> Activity:
The answer must consist solely of the lines from the one with "Cada taza es" through the last line of the data, copied exactly, with no pictures.

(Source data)
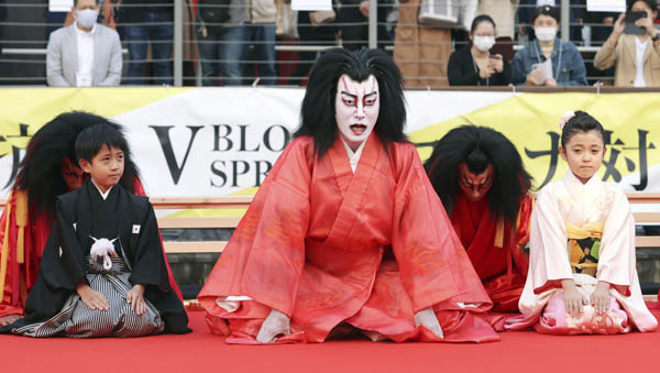 道頓堀川の船上で口上を述べる市川海老蔵さん。右は長女市川ぼたんさん、左は長男堀越勸玄君(C)共同通信社
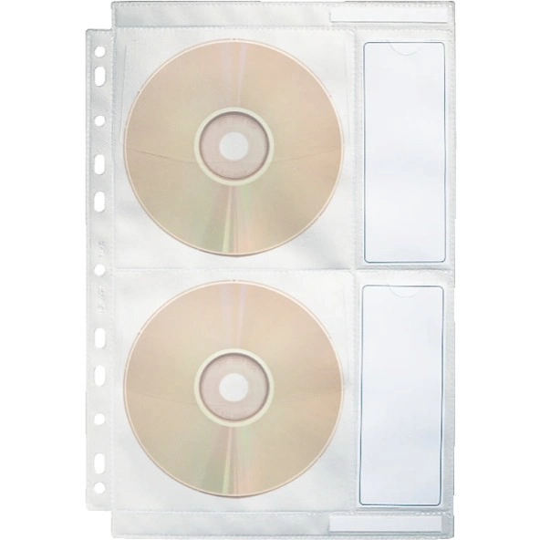 Koszulka na 4 CD. Specjalna warstwa ochronna zabezpiecza płytę CD. Uniwersalna perforacja umożliwia przechowywanie płyt w segregatorze lub skoroszycie. Pozwala na zaoszczędzenie miejsca na biurku.
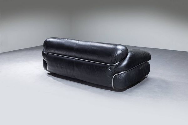 Struttura in acciaio cromato con rivestimento in pelle. Prod. Cassina anni '70 cm 67x175x100 Bibl.: Giuliana Gramigna Repertorio del Design Italiano 1950-2000 Allemandi 2011 pag. 174
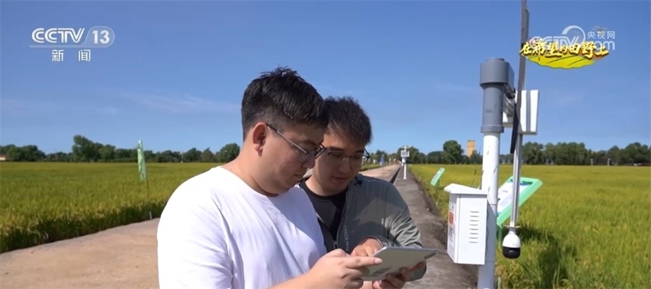 閆家崗農(nóng)場黨委書記 張雅南:咱們現(xiàn)在手里拿的這塊屏,就相當(dāng)于在我們田間地頭建設(shè)了一個農(nóng)業(yè)的智慧大腦。您看我手邊指的這一個,下面就是視覺傳感器,它是做什么用的?它就是在水稻的不同生育期負責(zé)拍攝水稻生長的狀態(tài)。原來人工巡田,現(xiàn)在通過智慧大腦來巡田、來決策,所以更科學(xué)、更高效。
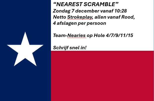 De Texas scramble op zondag 7 december, vanaf 10:28 uur, wordt gespeeld met het thema “5 Nearies”.
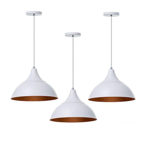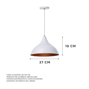 Kit 3 Lustre Pendente Panamá Branco Com Cobre Alumínio - dimensões: 18x27cm - canopla redonda de 11cm de diâmetro - produto feito em alumínio - 150cm de fio ajustável - pronto para instalação - utilize a lâmpada que desejar - soquete e-27 - garantia de 6 meses contra defeitos de fabricação - lâmpadas não inclusas neste produto.
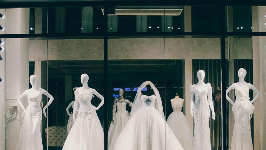 This happens constantly. The wedding gown fabric determines how light hits it, how it moves, and how it feels six hours into the reception. This guide explains what actually changes and how to choose without guessing.
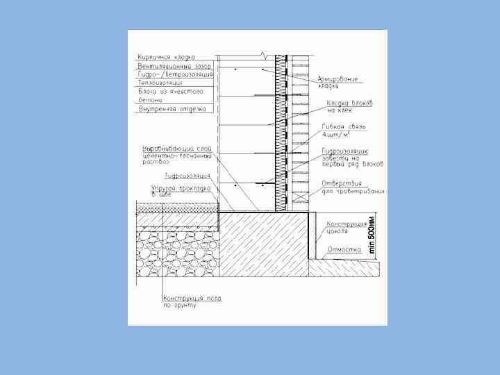 Цоколь многослойной стены из газобетона
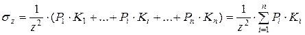 Коэффициент К, зависящий от безразмерного параметра r/z, приводится в справочных данных. Формулы (3.5) и (3.6) при z = 0, т.е. в точке приложения силы Р, дают бесконечные значения напряжений. Теоретически это объясняется тем, что сила Р действует на бесконечно малой площадке, в связи с чем напряжения на этой площадке стремятся к бесконечности. С практической точки зрения этот результат является некорректным и подлежит разрешению. 2. Напряжения в грунтовом массиве от действия группы сил. При нагружении линейно-деформируемой среды по аналогии с упругой средой применим принцип суперпозиций. Используя этот принцип, напряжение в грунтовом массиве от действия группы сил можно представить как сумму напряжений от действия отдельных сил. При этом слагаемые в указанной сумме могут определяться по формулам Буссинеска. Например, для загружения грунтового массива по схеме, представленной на рис. 3.2, нормальное напряжение на горизонтальной площадке на глубине z может быть определено по формуле:
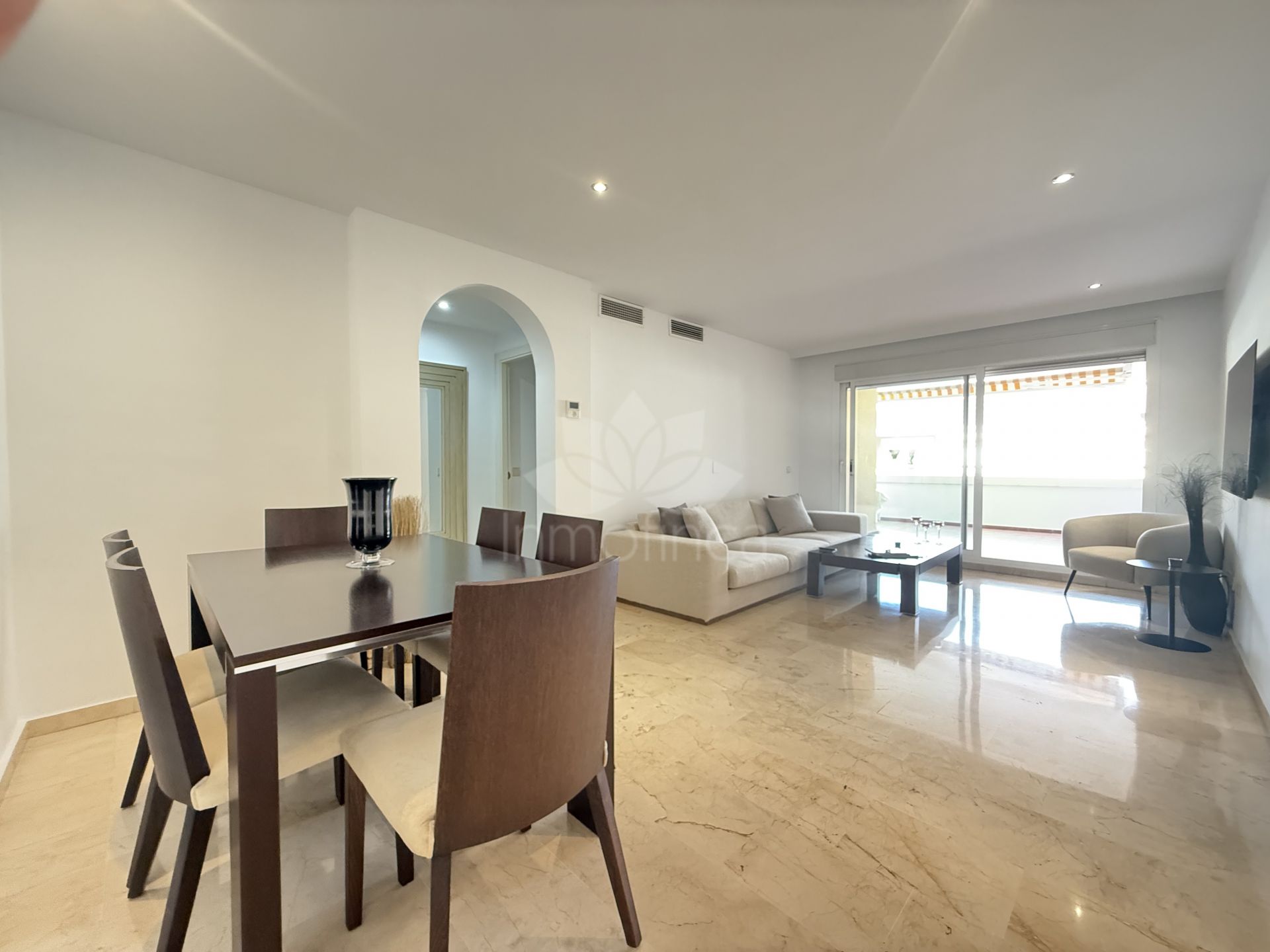 Presentamos un excepcional apartamento en San Pedro de Alcántara, ideal tanto para familias como para inversores. Este inmueble cuenta con dos amplios dormitorios y dos baños, uno de ellos en suite, ofreciendo comodidad y privacidad. La cocina, moderna y de diseño atractivo, está equipada con electrodomésticos de alta gama Miele, garantizando calidad y funcionalidad.
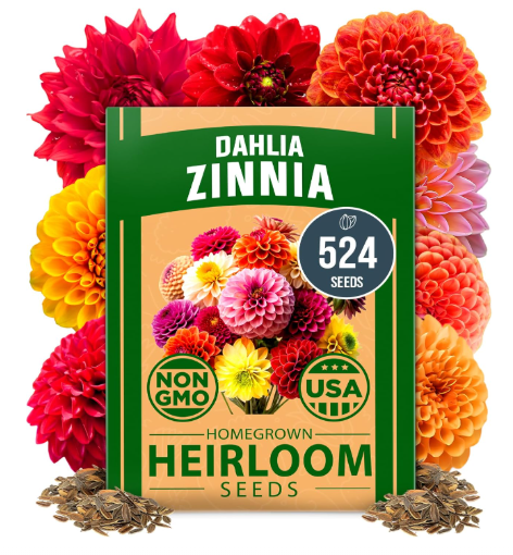 524 PREMIUM SEEDS – BRILLIANT COLOR, FAST GROWTH: This large pack includes 524 USA-packed, high-germination Zinnia Dahlia seeds that bloom into stunning double flowers in red, pink, orange, white, and more. Easy to grow, beginner-friendly, and perfect for bouquets, borders, and containers. Blooms in just weeks and lasts all summer!
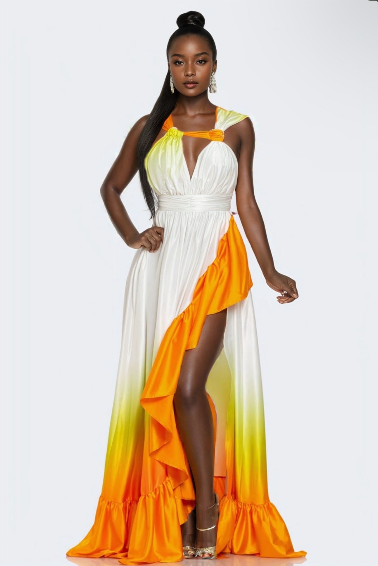 The dress boasts a flowing design with a high slit and ruffled accents, enhancing its elegant and ethereal appeal. The top includes a flattering V-neckline and unique knot shoulder details, adding a touch of sophistication to the overall look.
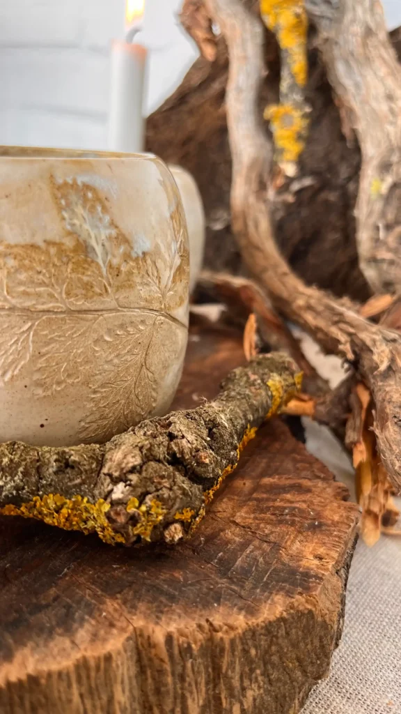 Cada taza es única, creada a mano y acompañada por el aroma del palo santo, dejando
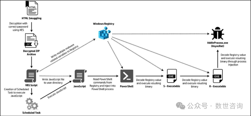 解密后的附件启动后呈现为一个网站界面,但实际上隐藏了VBScript和AsyncRAT信息窃取程序。VBScript是信息窃取程序的加载器,它向Windows注册表写入多个变量,并在用户目录中投放JavaScript文件,该文件随后作为计划任务执行。此外,还会创建一个PowerShell脚本,通过这一系列操作最终触发AsyncRAT恶意软件的运行。
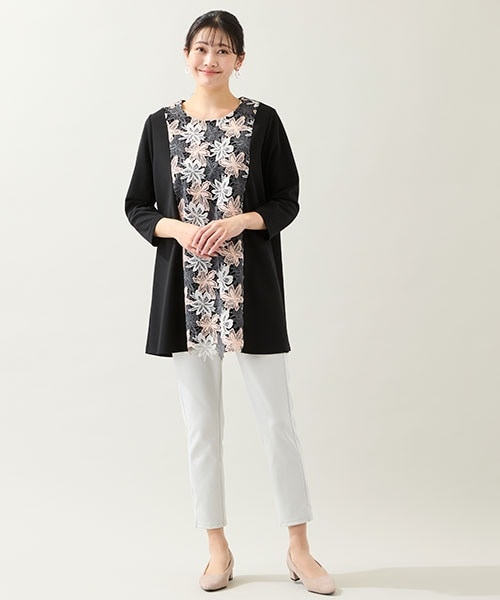 【大きいサイズ】3色使いのレースを使ったチュニックなら一枚で着映えが叶います

> Solution for this task:
 Cada taza es única, creada a mano y acompañada por el aroma del palo santo, dejando
 解密后的附件启动后呈现为一个网站界面,但实际上隐藏了VBScript和AsyncRAT信息窃取程序。VBScript是信息窃取程序的加载器,它向Windows注册表写入多个变量,并在用户目录中投放JavaScript文件,该文件随后作为计划任务执行。此外,还会创建一个PowerShell脚本,通过这一系列操作最终触发AsyncRAT恶意软件的运行。
 【大きいサイズ】3色使いのレースを使ったチュニックなら一枚で着映えが叶います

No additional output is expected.